Secondly, they weren’t roadies, man, they were part of the family, man. And they were paid and treated as such. They had a vote. Once, a roadie for Bon Jovi spoke up at a meeting and Jon had that man’s children brought to the studio to be repeatedly tased in front of him.
The Dead’s crew didn’t want to hop from tour to tour with other bands. They would have been paid the actual going rate, not the “take this pile of money” salary the Dead was giving them, plus they would have been, you know, told what to do. That wasn’t going to work for Parrish and the boys, so when the time came for decisions, the clear path forward was always more shows, more shows, more shows.
If you overpay the roadies and let them vote, then they are sending you to Wisconsin, no matter what kind of shape you’re in, Mr. Just Out of the Coma.
I’ll only say this: at 4:14, you will see Phil do something utterly inexplicable. Do not attempt to explicate it. Then, at 7:20, something occurs that will blow your ass off.
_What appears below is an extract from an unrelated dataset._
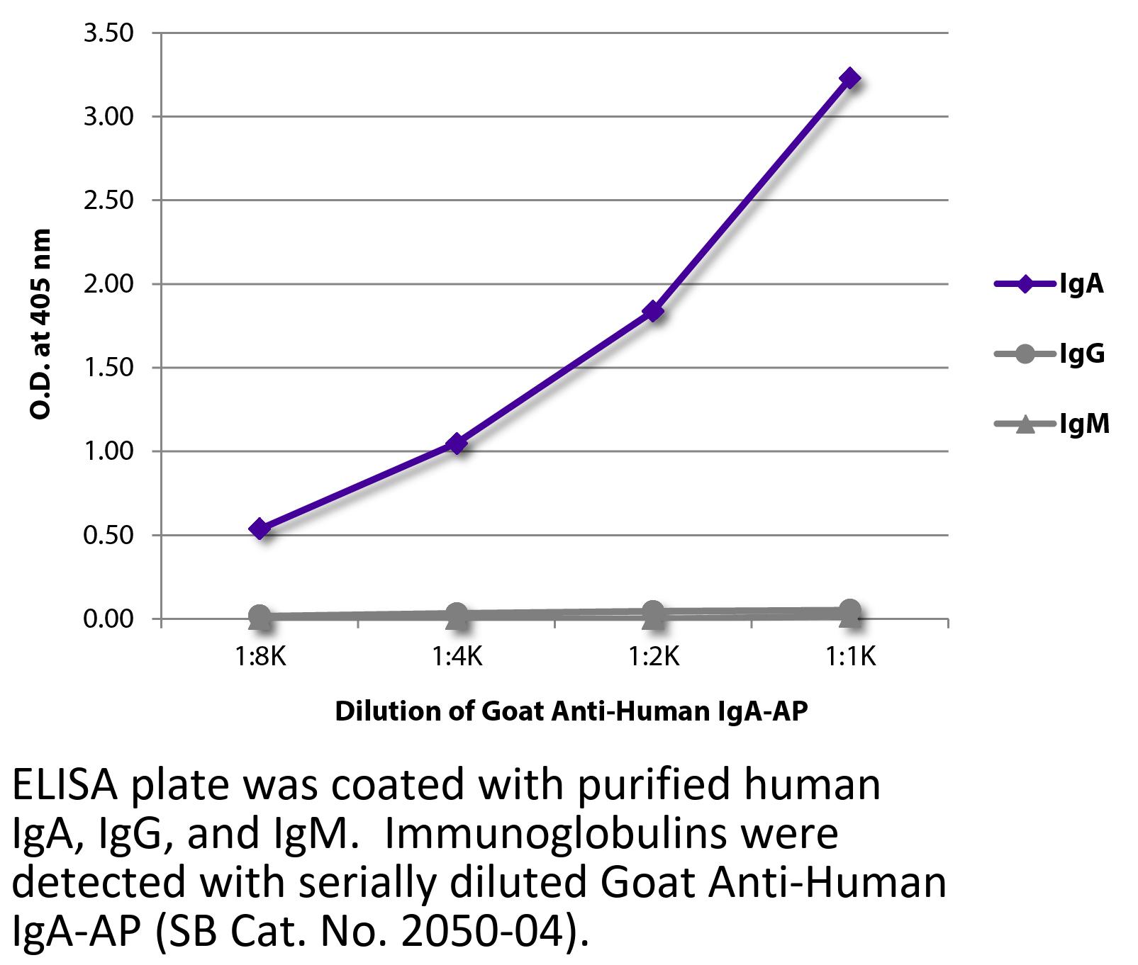 Goat Anti-Human IgA-AP antibody for use in ELISA, immunohistochemistry / immunocytochemistry, western blot, immunoprecipitation, and ELISpot assays.

Garcia was in the service, the Army. It was normal back then for most everybody except sissies, commies, or college boys in their raccoon coats. Mickey and TC were both in the Air Force (Mickey played drums in the Air Force, because the Brass didn’t let him play for three days or so and set fire to a mess hall, so they decided to just let the monster have his Slingerlands and keep the peace.)
Phil was in college and driving a mail truck while shooting speed, which seems like a lovely way to spend a summer at age 22, so no playing soldier for him. Billy got his letter and walked into the draft office, Pall Mall dangling from sneering lips under a newly-grown but already treasured mustache.
“You send me this letter?”
“Ye–”
SHWOKKATHOOM Dicks got punched, dicks got punched left and right, my friend. The sergeant, the lieutenant, the other hard-to-spell things: all of them down, dicks punched, just punched to shit, my man. Everyone got it; sometimes it seemed like he was going harder on the people who were just randomly there. A plumber just in the office got it the worst for some reason, perhaps because he begged. Ah, you think: if Billy hates it when one begs, then therefore, one must fight back to gain his respect.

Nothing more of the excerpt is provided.